YOUR TASK
Transcribe nothing except the lines below that run from the one with "vidaXL Kids' Loft" to the one with "张蒂等同学参赛项目缘于传统核", ends included, and do not copy any picture.

RECORD EXCERPTS
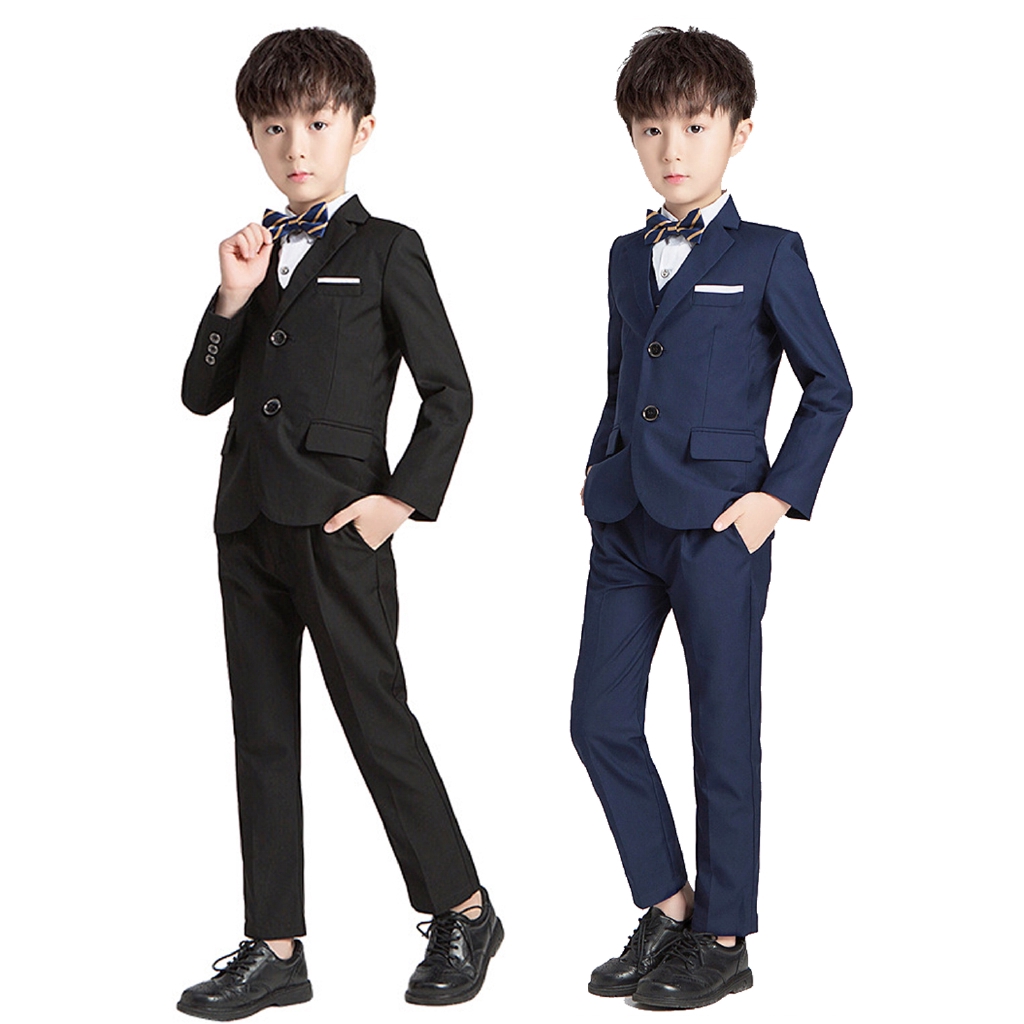 Toddler Baby Boy Suit Wedding Party Formal Wear Black Navy Blue Tuxedo Outfits Children Shirt Vest Jacket Pants Birthday Clothes Set Shopee Singapore
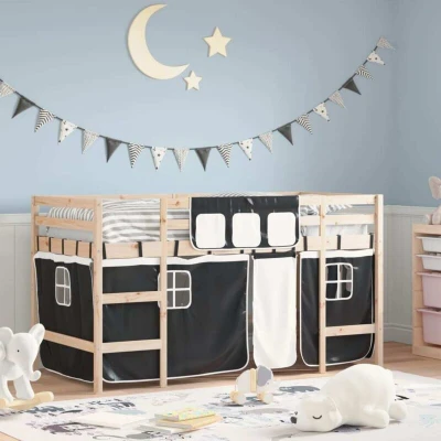 vidaXL Kids' Loft Bed with Curtains without Mattress White&Black 80x200cm
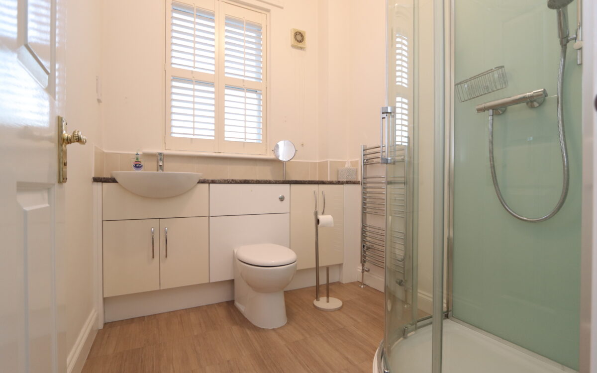 SHOWER ROOM: panelled corner shower cubicle with mixer shower, vanity unit with washbasin & low level WC with tiled splashback, extractor fan, stainless steel upright towel radiator, uPVC double glazed window with plantation shutters.
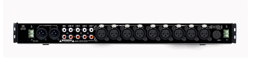 - Входи: 9х Line (Cinch / XLR) + 9х Mic (XLR) + 1x PTT (7-контактний роз'єм Din).
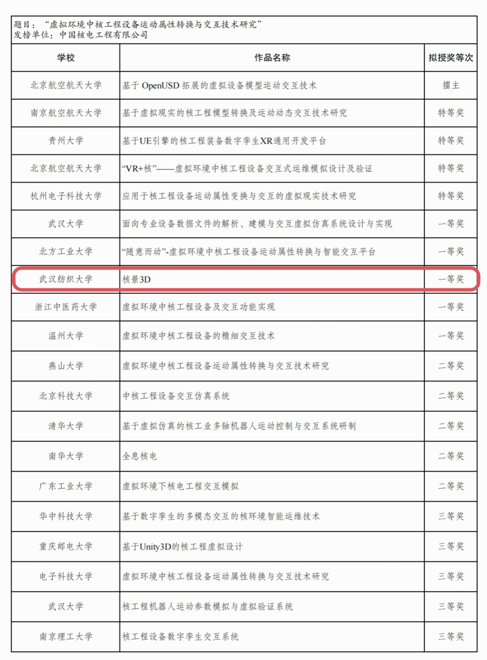 张蒂等同学参赛项目缘于传统核工程设备的运维及管理需要大量人工操作,存在数据复杂、交互效率低下等问题,难以满足现代核工程高效、安全的需求。团队基于虚幻引擎开发平台和数字孪生技术,开展了系统化的设计研发,攻克了CAD模型数据格式转换、模型动作分解及交互设计简化等技术难题,开发出一款基于虚拟现实(VR)的核工程设备模型检视与操作软件《核景3D》。该软件通过多种交互方式,实现了设备的沉浸式观察与操作,项目成果可应用于特种工程领域的虚拟设计,提升设计智能化水平。该项目荣获全国一等奖充分彰显了我院研究生的williamhill水平和创新实践能力。
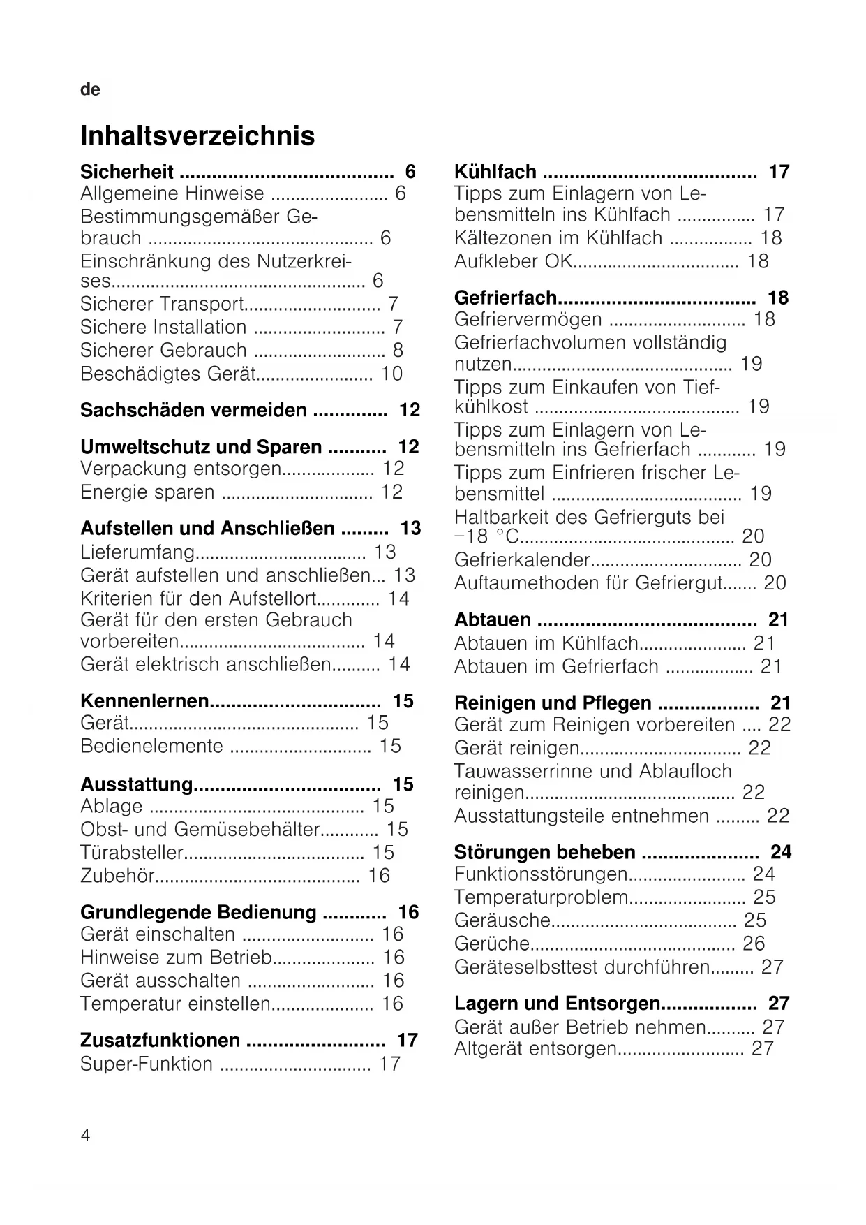 Sicherheit Beachten Sie die Informationen zum Thema Sicherheit, um Ihr Ge- rät sicher gebrauchen zu können. Allgemeine Hinweise Hier finden Sie allgemeine Informationen zu dieser Anleitung. ¡ Lesen Sie diese Anleitung sorgfältig. Nur dann können Sie das Gerät sicher und effizient verwenden. ¡ Diese Anleitung richtet sich an den Benutzer des Geräts. ¡ Beachten Sie die Sicherheitshinweise und die Warnhinweise. ¡ Bewahren Sie die Anleitung sowie die Produktinformationen für einen späteren Gebrauch oder Nachbesitzer auf. ¡ Prüfen Sie das Gerät nach dem Auspacken. Schließen Sie das Gerät bei einem Transportschaden nicht an. Bestimmungsgemäßer Gebrauch Um das Gerät sicher und richtig zu verwenden, beachten Sie die Hinweise zum bestimmungsgemäßen Gebrauch. Dieses Gerät ist nur für den Einbau bestimmt. Verwenden Sie das Gerät nur: ¡ gemäß dieser Gebrauchsanleitung. ¡ um Lebensmitteln zu kühlen und zu gefrieren und zur Eisberei- tung. ¡ im privaten Haushalt und in geschlossenen Räumen des häusli- chen Umfelds. ¡ bis zu einer Höhe von 2000m über dem Meeresspiegel. Einschränkung des Nutzerkreises Vermeiden Sie Risiken für Kinder und gefährdete Personen. Dieses Gerät kann von Kindern ab 8 Jahren und darüber und von Personen mit reduzierten physischen, sensorischen oder menta- len Fähigkeiten oder Mangel an Erfahrung und/oder Wissen be- nutzt werden, wenn sie beaufsichtigt oder bezüglich des sicheren Gebrauchs des Geräts unterwiesen wurden und die daraus resul- tierenden Gefahren verstanden haben.Sicherheit de
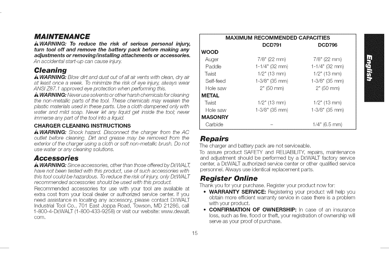Dewalt DCD791B TYPE 1 1602056L User Manual CORDLESS DRILL Manuals And Guides
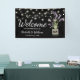 Country chic welcome wedding banner featuring a black background, string lights, a mason jar with purple lavender flowers, wrapped in burlap with the couples initials and a wedding template that is easily personalized.

SOLVED PROBLEM
 vidaXL Kids' Loft Bed with Curtains without Mattress White&Black 80x200cm
 SHOWER ROOM: panelled corner shower cubicle with mixer shower, vanity unit with washbasin & low level WC with tiled splashback, extractor fan, stainless steel upright towel radiator, uPVC double glazed window with plantation shutters.
 - Входи: 9х Line (Cinch / XLR) + 9х Mic (XLR) + 1x PTT (7-контактний роз'єм Din).
 张蒂等同学参赛项目缘于传统核工程设备的运维及管理需要大量人工操作,存在数据复杂、交互效率低下等问题,难以满足现代核工程高效、安全的需求。团队基于虚幻引擎开发平台和数字孪生技术,开展了系统化的设计研发,攻克了CAD模型数据格式转换、模型动作分解及交互设计简化等技术难题,开发出一款基于虚拟现实(VR)的核工程设备模型检视与操作软件《核景3D》。该软件通过多种交互方式,实现了设备的沉浸式观察与操作,项目成果可应用于特种工程领域的虚拟设计,提升设计智能化水平。该项目荣获全国一等奖充分彰显了我院研究生的williamhill水平和创新实践能力。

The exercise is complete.